The Indian government has also made enrolment in Aadhaar a mandatory requirement to access a myriad of social protection schemes. This measure creates thick barriers in accessibility for a lot of people and has led to cuts in accessing food rations which has been linked to several deaths by starvation across the country.

Flawed system

In addition to this, the Indian government and the UIDAI have ignored privacy concerns as well as sample test results of its pilot project. As discussed above applying the seemingly acceptable outcomes of the pilot project to the whole population of India exposes a chronically flawed and inadequate system. And this has already been made evident through fails in deduplication and identification which have led to cases where one person somehow ends up getting two different, supposedly "unique", Aadhaar numbers.

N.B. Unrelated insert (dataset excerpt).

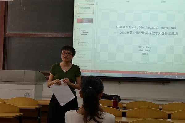7月5日上午,素人 组织参加了新加坡“第八届语言、文学和语言学国际年会”和泰国曼谷“第十七届亚洲英语教学大会”的硕士研究生进行总结汇报并分享经验。研究生导师、参会学生等参加了汇报会,会议由副院长张奕主持。会上,同学们通过PPT展示了各自在国际会议上做的报告,分享了参会的学术收获、未来学业规划和个人的感悟体会等。汇报会持续近3个小时,内容涵盖了语言学、文学、翻译等方向,与会导师在每位同学汇报后进行...

These example of abuse and the frequency with which they happen make it very clear that UIDAI is critically failing on keeping up with their vision and mission for Aadhaar. Be it in preserving the privacy of individuals, ensuring security and reliability of the infrastructure, inclusion of individuals, transparency regarding not only processes but also the makeup of the infrastructure, ensuring scalability and even on the most basic thing Aadhaar is conceptually supposed to provide - uniqueness.